Couldn't log on til after 10 as I watched the last episode of Spitfire Ace on Ch4.

Fantastic programme, had a tear in my eye at the end when the BofB pilot went up in the Spit.

Never was so much......


----------



## Stan (Aug 7, 2003)

PG,

I saw the first one but missed the rest.









But that's what happens when your minds on mesh.







Or was that fishnet?


----------



## JoT (Aug 12, 2003)

Damn I missed it


----------



## pg tips (May 16, 2003)

Stan & JoT your dedication to the forum is honourable!


----------



## ericp (Feb 23, 2003)

I think they could have junked most of the programme in favour of the last 15 minutes...

Cracking stuff !!!


----------



## JoT (Aug 12, 2003)

pg tips said:


> Stan & JoT your dedication to the forum is honourable!


Thanks Paul














I do my best ... normally not very good ... but at least I try ...







... C4's usually full of more yoghurt knitters than the BBC ... typical ... put something decent on and I miss it. And Jon Snow ... what a plonker ... he should go and live in Cuba or North Korea ... he would be happier there.

Did you see that crap the other night on C4 "Invading Iraq: How America and Britain Got It Wrong" according to C4 it was a military disaster - and of course the interview with the General of the Republican Guard got more emphasis and was given more credence than our officers ... what a load of bollox it was ... you would swear we lost the fight !

Feel Sorry for my lad ... he's going back to Iraq / Gulf in a months time ... third time in four years.


----------



## Sargon (Feb 24, 2003)

Love the new icon Jot. Im a Dalek fan from way back. Everybody loves a villan that can't climb stairs.


----------



## JoT (Aug 12, 2003)

Sargon said:


> Love the new icon Jot. Im a Dalek fan from way back. Everybody loves a villan that can't climb stairs.

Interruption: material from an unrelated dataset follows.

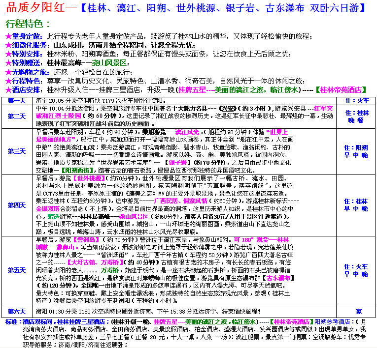 品質(zhì)夕陽紅雙臥【桂林、漓江、陽朔、 世外桃源、銀子巖、古東瀑布 雙臥六日游】 2015-3-2 本文被閱讀 3455 次

Can't climb stairs ... HA ... be very afraid






























Daleks Climbing Stairs


----------



## JoT (Aug 12, 2003)

I have found a site selling half size Daleks - I am finding it difficult to resist - should I get one







....... or put it towards a watch


----------



## ericp (Feb 23, 2003)

That depends on wether or not the half size dalek comes on a strap or a bracelet....

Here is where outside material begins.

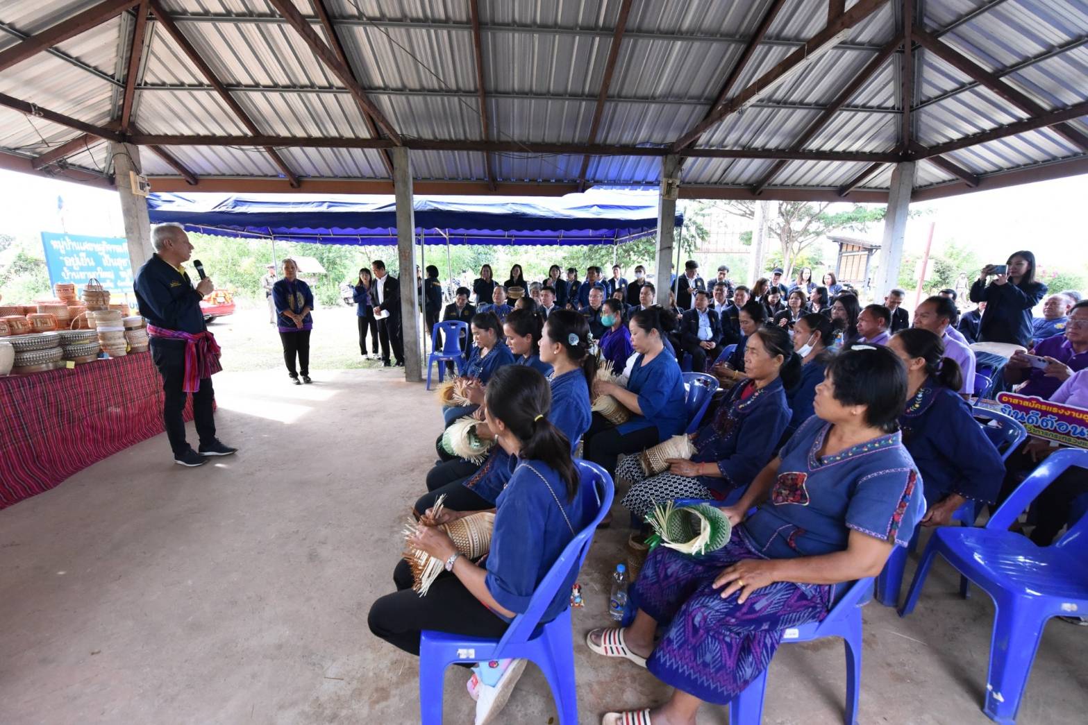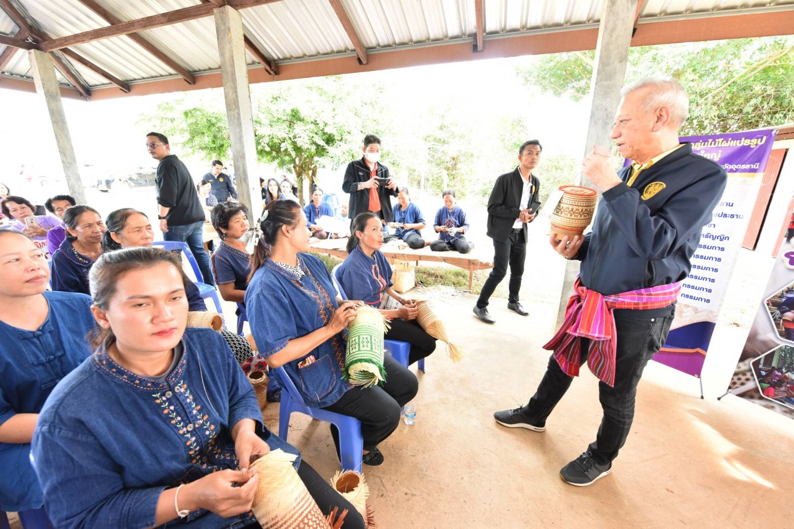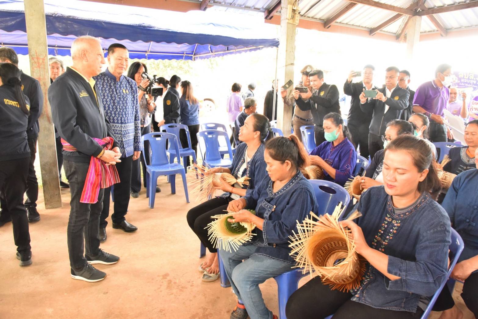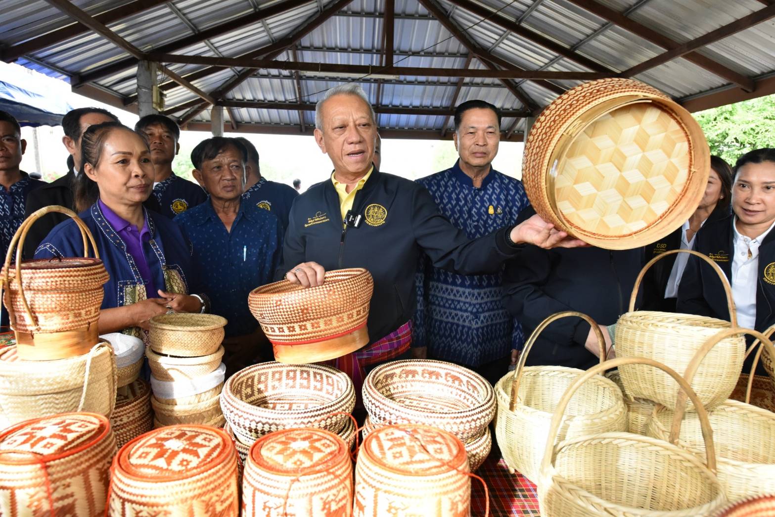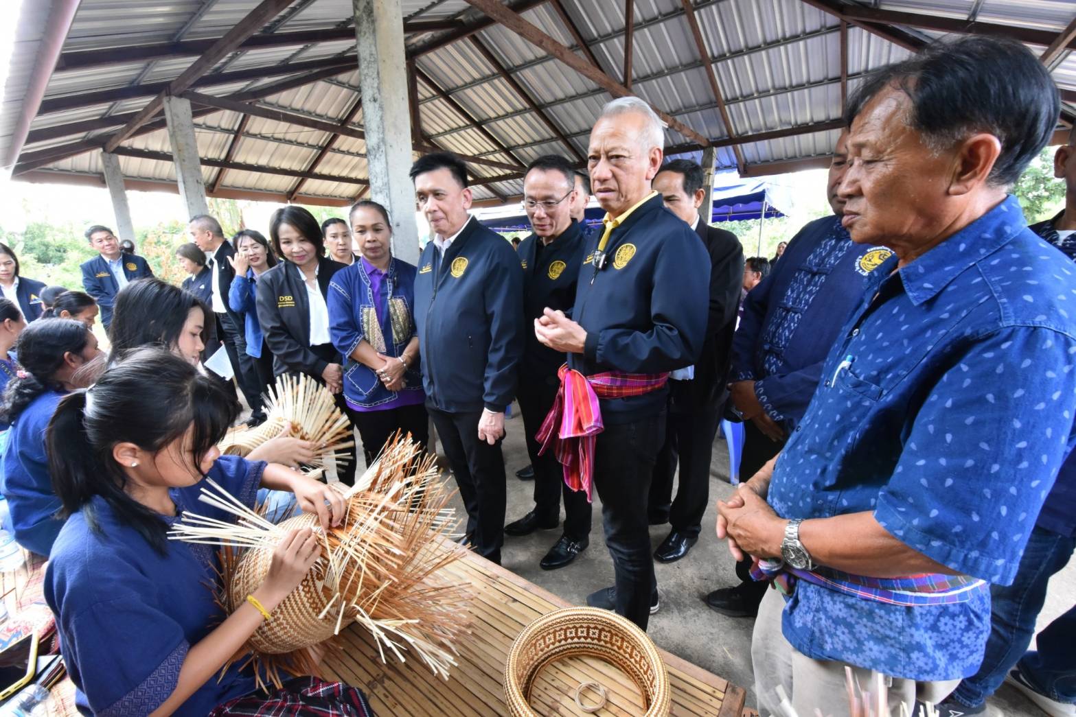 On December 3, 2023, the Labour Minister, Mr. Phiphat Ratchakitprakarn, the Permanent Secretary of Labour, Mr. Pairoj Chotiksetian, the Ministry of Labour’s Inspector-General and Acting Director-General of the Department of Employment, Mr. Somchai Morakotsriwan, the Ministry of Labour’s Inspector-General, Mr. Samat Pattamasukon, and the Ministry of Labour’s executives, visited Udon Thani Province, to meet to encourage the “Bamboo Processing Group,” which is a homeworkers group. The group’s president, Mrs. Pornthip Ramrit, and group members gave a welcome at the group’s office in Ban Yam Ka Yai, Ban That Subdistrict, Phen District, Udon Thani Province.

Personally I think they would look nice on a tan leather strap with steel buckle.


----------



## JoT (Aug 12, 2003)

ericp said:


> That depends on wether or not the half size dalek comes on a strap or a bracelet....
> 
> Personally I think they would look nice on a tan leather strap with steel buckle.


 A Dalek watch ! I have heard of Dr Who watches ... but a Dalek watch ... now thats a thought ... I bet Ron has one 

I am on a mission now !


----------



## MIKE (Feb 23, 2003)

pg tips said:


> had a tear in my eye at the end when the BofB pilot went up in the Spit.
> 
> Never was so much......


Hi PG,

Back to the program, if was not for "the few" I might be typing this in German. Great program and you where not on your own with a tear in your eye.

We must never forget

MIKE..


----------